Assigned task:
Stop after the line holding "Figura 1 ODS N°6". Repeat exactly every line before it in the records below, that line too, and leave out the pictures.

━━━━━━

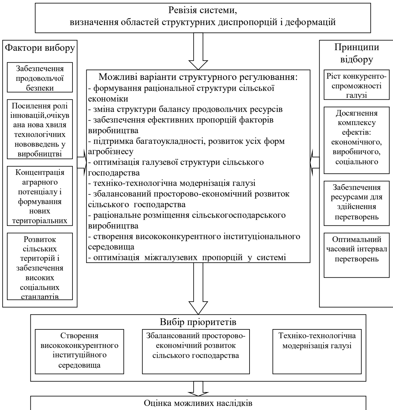
Рис. 3 - Вибір пріоритетів структурних перетворень у аграрному секторі

Принципи дозволяють сформулювати правила вибору, фактори, будучи рушійною силою змін, дозволяють віддати перевагу тому чи іншому заходу структурного регулювання. Визначаючи склад принципів, виходили з того, що заходи структурного регулювання повинні бути забезпечені ресурсами, сприяти росту конкурентоспроможності сільського господарства, мати комплекс ефектів, стимулювати ріст активності серед суб'єктів аграрного підприємництва, а часовий інтервал не повинен бути занадто великий. Фактори вибору багато в чому формуються під впливом економічних викликів і сьогодні вони пов'язані з забезпеченням продовольчої безпеки, посиленням ролі інновацій і технологічних змін у сільськогосподарському виробництві, концентрацією аграрного потенціалу і формуванням нових територіальних
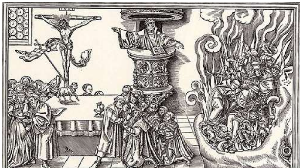
Lucas Cranach el Joven (+1586)

viene exigida por el elogio «eclesialmente correcto» de Lutero y de su Reforma en su Vº centenario.
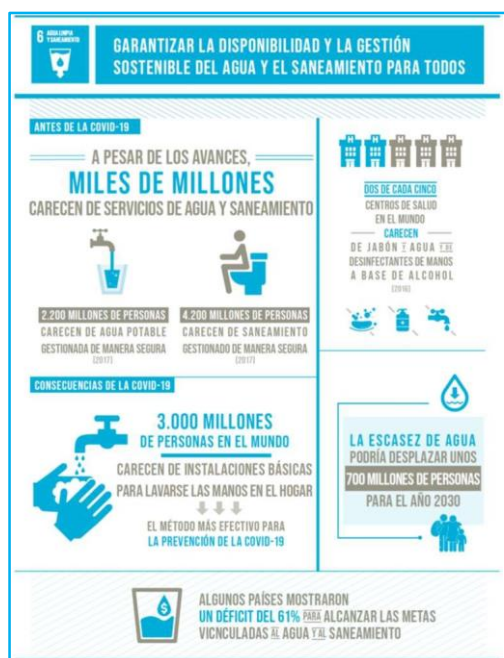
Figura 1 ODS N°6

En ese contexto, Naciones Unidas busca “Garantizar la disponibilidad y la gestión sostenible del agua y el saneamiento para todos” a través del Objetivo de Desarrollo Sostenible N°6. El Objetivo tiene metas que deben alcanzarse para 2030. El progreso hacia las metas se medirá mediante indicadores. 6
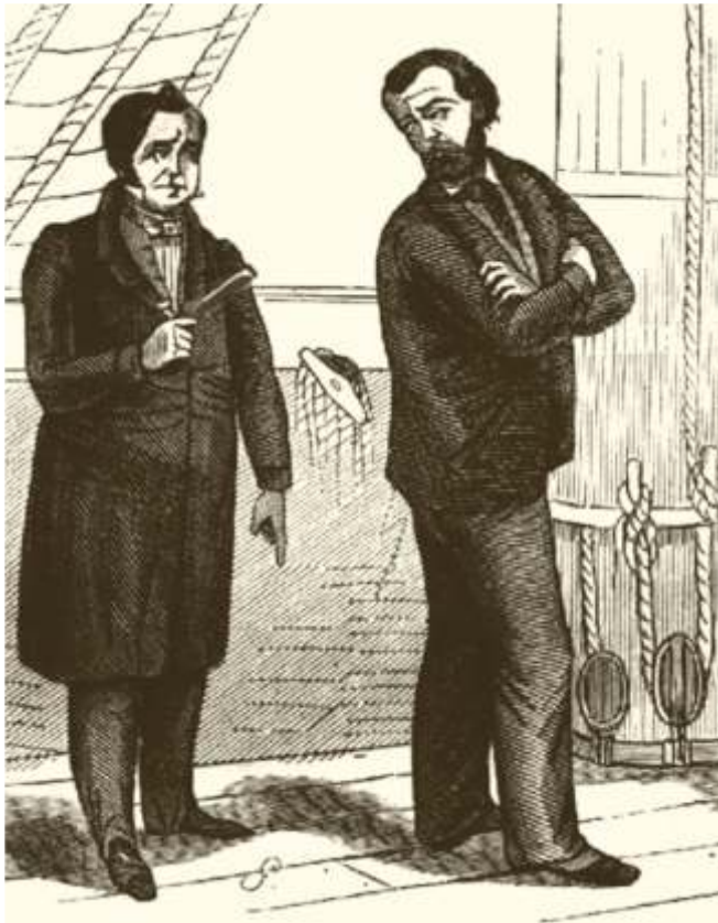
Outro gravado idealizando a figura de Soto

Tomando rumbo norte, e nas inmediacións do arquipélago canario, desvalixaron e afundiron a fragata inglesa Sunbury . Non volveron deixar testemuñas. Sempre co mesmo rumbo, abordaron nas inmediacións das illas dos Azores, ao buque inglés New Prospect e aos portugueses Cessnock e Hermerinda , e sempre co mesmo operativo: apropiarse do botín e non deixar testemuñas.

━━━━━━

Written reply:
Рис. 3 - Вибір пріоритетів структурних перетворень у аграрному секторі

Принципи дозволяють сформулювати правила вибору, фактори, будучи рушійною силою змін, дозволяють віддати перевагу тому чи іншому заходу структурного регулювання. Визначаючи склад принципів, виходили з того, що заходи структурного регулювання повинні бути забезпечені ресурсами, сприяти росту конкурентоспроможності сільського господарства, мати комплекс ефектів, стимулювати ріст активності серед суб'єктів аграрного підприємництва, а часовий інтервал не повинен бути занадто великий. Фактори вибору багато в чому формуються під впливом економічних викликів і сьогодні вони пов'язані з забезпеченням продовольчої безпеки, посиленням ролі інновацій і технологічних змін у сільськогосподарському виробництві, концентрацією аграрного потенціалу і формуванням нових територіальних
Lucas Cranach el Joven (+1586)

viene exigida por el elogio «eclesialmente correcto» de Lutero y de su Reforma en su Vº centenario.
Figura 1 ODS N°6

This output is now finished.